Exercise:
Could you copy exactly the lines below from the one with "並んだダイヤモンドは、吸い上" to the one with "- Situé à l'angle", inclusive, leaving out any pictures?

(Extracted data entries)
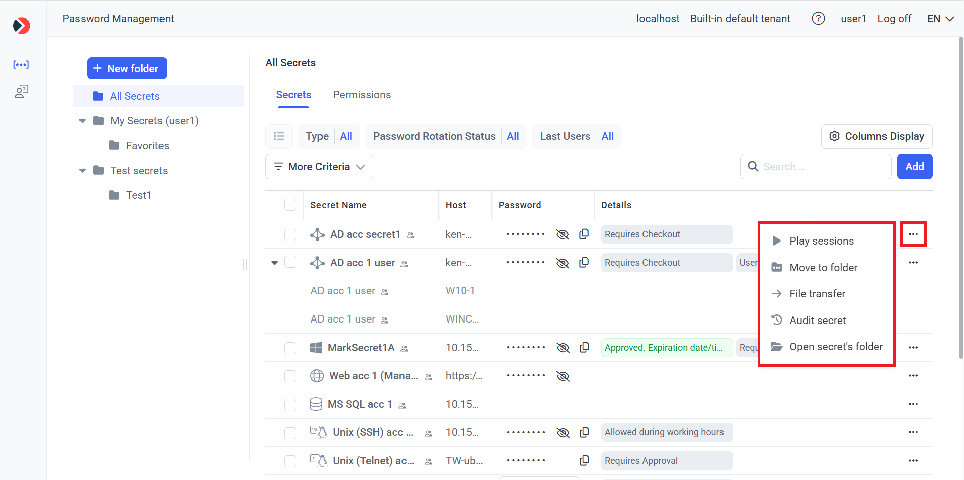 As shown in the screenshot above, this functionality consists of the following 2 options for use, available directly from the Management Tool to users with any administrative permission (who have been granted the corresponding Role Type permissions to use each secret to connect to the corresponding account):
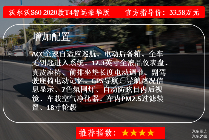 总结:全新沃尔沃S60是今年上市的豪华品牌重磅中型车之一,各方面都展现出了不错的竞争力,中配车型的性价比非常高。特别是安全方面,新车全系标配City Safety城市安全系统、车道偏移预警系统、道路交通标识识别、主动刹车、疲劳驾驶提示等配置,确实能够将新C级、新宝马3系、奥迪A4LL等同级主流竞品甩开一个档次。但同时需要注意的是,全新沃尔沃S60在体量、空间、品牌溢价等方面,与新C级和宝马3系仍然存在差距。而且,今年又加入了运动风格鲜明的凯迪拉克CT5,未来市场压力还是非常大的。
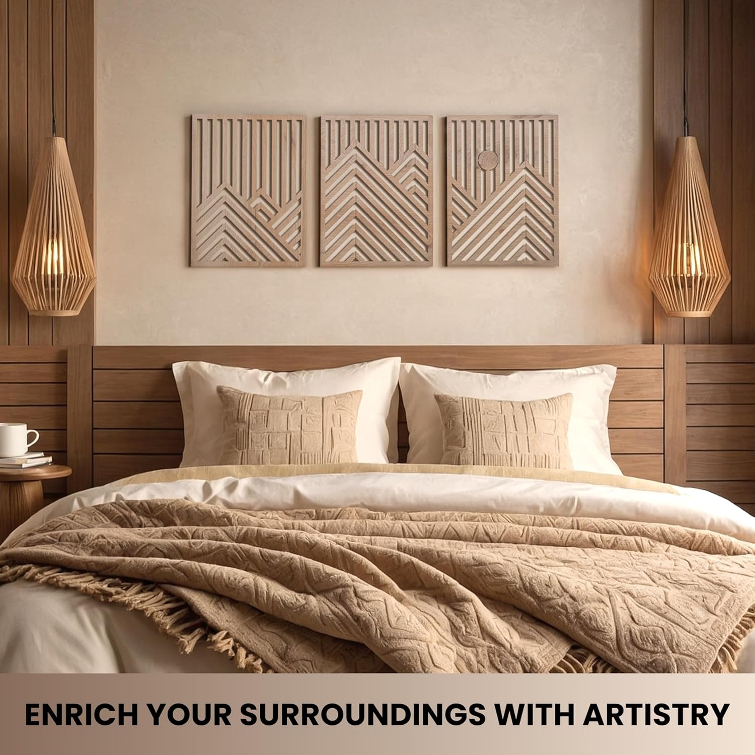 منحوتات حائط خشبية عصرية - مجموعة من 3 قطع
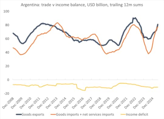 Milei may have balanced the government budget but the fiscal chainsaw did not deal with the continued weakness in the trade account. Under Milei, exports rose a little but imports also rose and income from exports flowed out. The monthly income deficit on the current account rose.
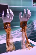 2.5次元舞台の始まりから現在に至るまでの歩みを、マーベラスがこれまでに手がけてきた11作品とともに紹介する本展。ミュージカル「テニスの王子様」や舞台「弱虫ペダル」ほか、人気タイトルの衣装や小道具などが展示されている。入場するとまずは各作品の紹介映像に出迎えられ、次に待ち受けていたのはミュージカル「テニスの王子様」のコーナー。青春学園、立海大附属、六角のユニフォームと、カーテンコールでキャストが腕に付けて使用する「キラキラミトン」がお目見えした。
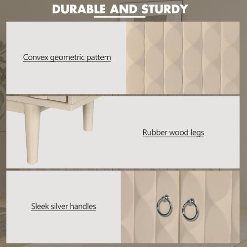Where bold design meets everyday function. Add sculptural elegance and smart storage to your home with this TREXM modern 4-door sideboard. Designed with a convex geometric door pattern, sleek silver handles, and almond-toned MDF, this piece blends beautifully into any living room, dining area, or kitchen. With adjustable/removable shelves and strong rubberwood legs, it delivers durability, customization, and standout style.
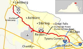 State Route 267 (SR 267) is a primary state highway in the US state of Virginia. It consists of two end-to-end toll roads – the Dulles Toll Road and Dulles Greenway – as well as the Dulles Access Road,[3] which lies in the median of Dulles Toll Road and then extends east to Falls Church. The combined roadway provides a toll road for commuting and a free road for access to Washington Dulles International Airport. The three sections are operated and maintained by separate agencies: Dulles Toll Road and Dulles Access Road are maintained by the Metropolitan Washington Airports Authority (MWAA); the Dulles Greenway is owned by TRIP II, a limited partnership,[4] but is maintained by Atlas Arteria, an Australian company which owns the majority stake in the partnership. The Dulles Access Road's median hosts the Silver Line of the Washington Metro between Reston and Falls Church.
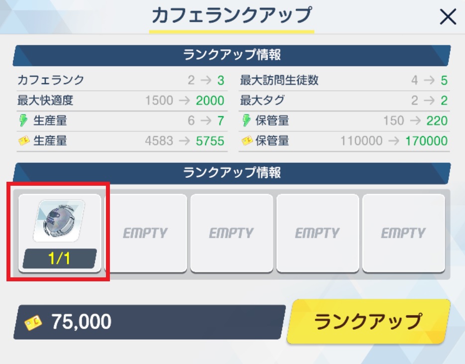 カフェをランクアップさせるために必要な素材はノーマル3-5、6-5、9-5、12-5の初回クリア報酬で確認。
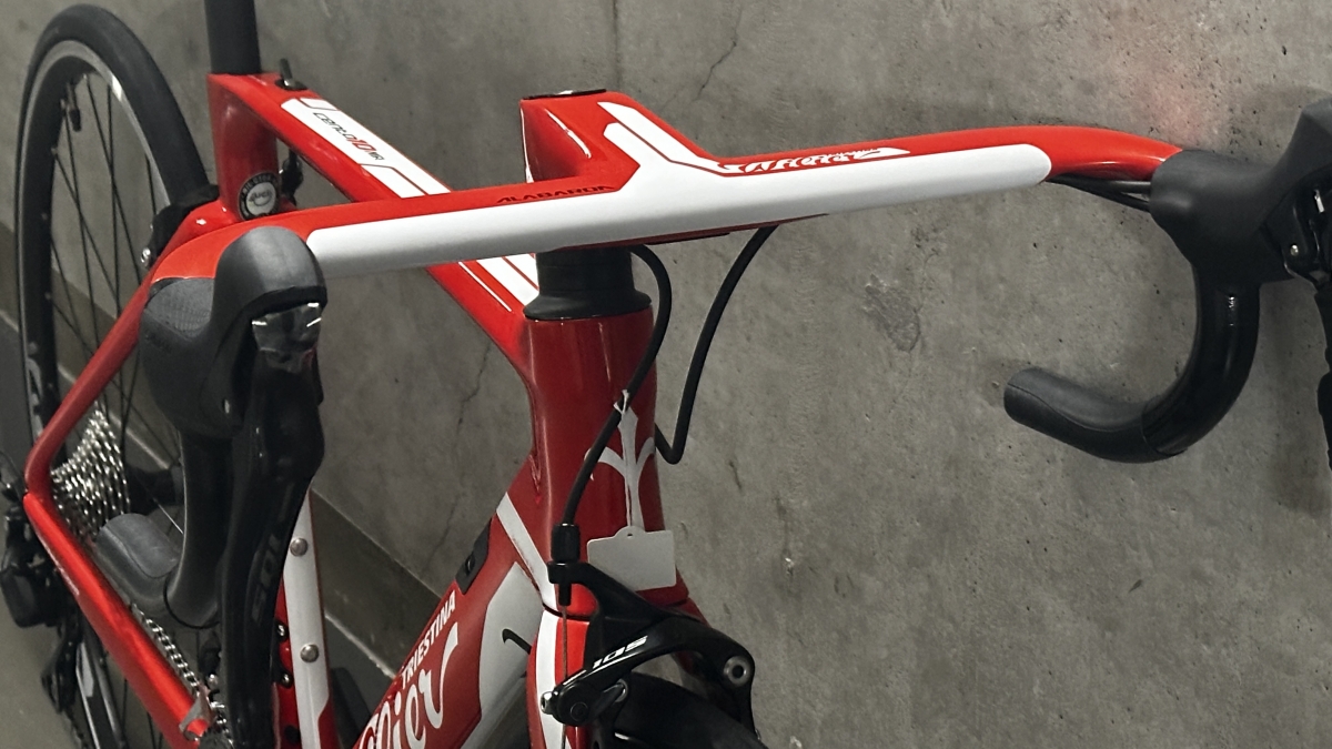 車体と同じコントラストでカラーリングされた朱色のステム一体型カーボンハンドルが付属します。
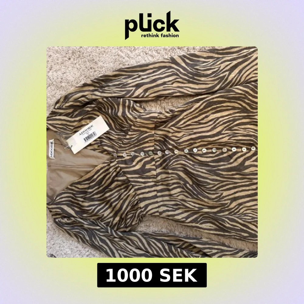 Korta modellen klänning från Adoore med zebramönster i beige och brunt. Klänningen har v-ringning, långa puffärmar och knappar framtill. Endast använd en dag och i fint skick. Nypris hos adoore är 1495kr
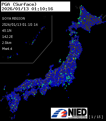 | 17 | 2026/01/13 01:58:53 | 宗谷地方 | 45.0N | 142.2E | 3.7km | M4.9 | AQUA-REAL |
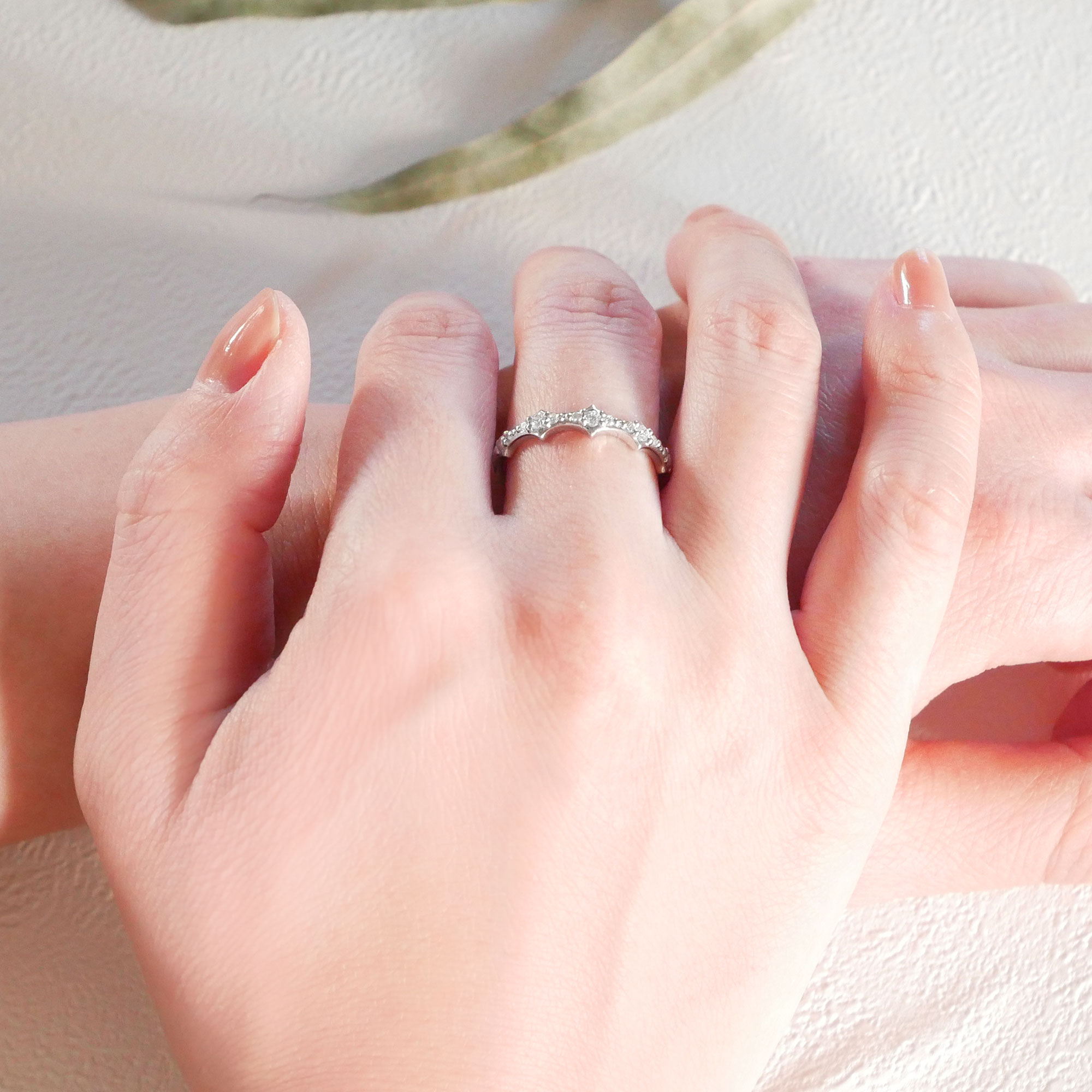 並んだダイヤモンドは、吸い上げた水分を湛えた瑞々しい植物の様に、透明感を感じる輝きを添えます。
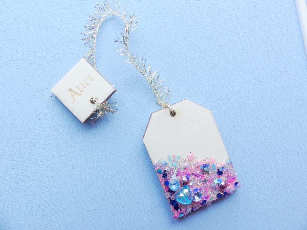 Chaque modèle est unique vous pouvez choisir le prénom à graver et les couleurs de paillettes sur le sachet .
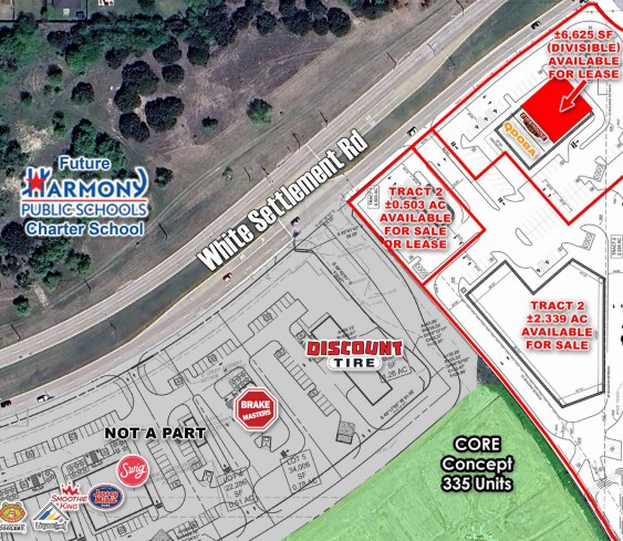 - Situé à l'angle dur d'Academy Blvd et de White Settlement Rd, à l'entrée du futur développement de la CORE Academy avec 335 unités
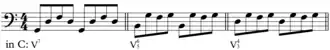 Alberti bass is a kind of broken chord or arpeggiated accompaniment, where the notes of the chord are presented in the order lowest, highest, middle, highest. This pattern is then repeated several times throughout the music.[5] The broken chord pattern helps to create a smooth, sustained, flowing sound on the piano. "Chords of harmony broken up into short patterns. Steady bass patterns in orchestral music which give the rhythmic drive to Classical music, compensating for the energetic drive of the Baroque basso continuo line."[6]

Written reply:
 並んだダイヤモンドは、吸い上げた水分を湛えた瑞々しい植物の様に、透明感を感じる輝きを添えます。
 Chaque modèle est unique vous pouvez choisir le prénom à graver et les couleurs de paillettes sur le sachet .
 - Situé à l'angle dur d'Academy Blvd et de White Settlement Rd, à l'entrée du futur développement de la CORE Academy avec 335 unités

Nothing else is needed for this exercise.